The nation's first census of homeless people, at best, was a hit-and-miss operation.
While officials of the U.S. Census Bureau pronounced the effort a success Wednesday, reports from communities large and small indicated the overnight campaign to count street people and shelter dwellers frequently was botched.
Census Bureau officials said the results of the homeless census, which involved about 15,000 census takers assigned to visit more than 20,000 locations, will not become available until next year. Within hours after the dusk-to-dawn effort concluded, however, critics were saying that the census is not likely to resolve the decade-long debate over how many Americans are homeless. Estimates have ranged from a few hundred thousand to a few million.
Many of the more than 200 field enumerators who fanned out across Orange County expressed surprise that more people weren't discovered living on the streets.
"I think we've read too many stories--they had us believing the homeless would be swarming all over the place," said Joe Montes, Fullerton census district manager. "We could be coming face-to-face with an exaggeration of the (homeless) population.

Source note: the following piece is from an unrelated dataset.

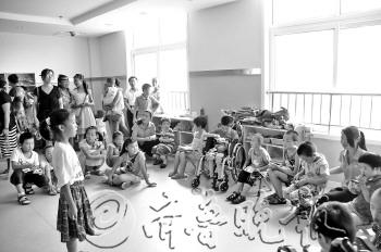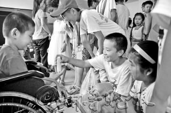 | 小报童们把自己买的礼物交给福娃。 本报记者 邹俊美 摄 |  | 小报童们为福利院的孩子们表演节目。 本报记者 邹俊美 摄

We'll find out when we pool our numbers."
But homeless advocates answered that such perceptions are inaccurate.
Susan Oakson, coordinator of the Orange County Homeless Issues Task Force, said she suspects that census takers missed several pockets of Orange County's homeless people, who have been estimated to number upwards of 10,000.
"This is a huge job for the Census Bureau," Oakson said. "Many homeless people were missed. It's difficult to find people sleeping in their cars, for instance. It's difficult to distinguish the homeless living in low-cost motels. There is just not a perfect system for doing this."
Oakson said it would be wrong to surmise that Orange County is relatively free of homeless people based on the tales of census takers who returned from the field Wednesday morning. Unlike the highly visible street people of other urban areas such as Los Angeles, the homeless of Orange County tend to melt into the backdrop of society, particularly as night falls, she said.
But even in such urban strongholds, critics were charging that the count had missed a sizable chunk of the homeless population.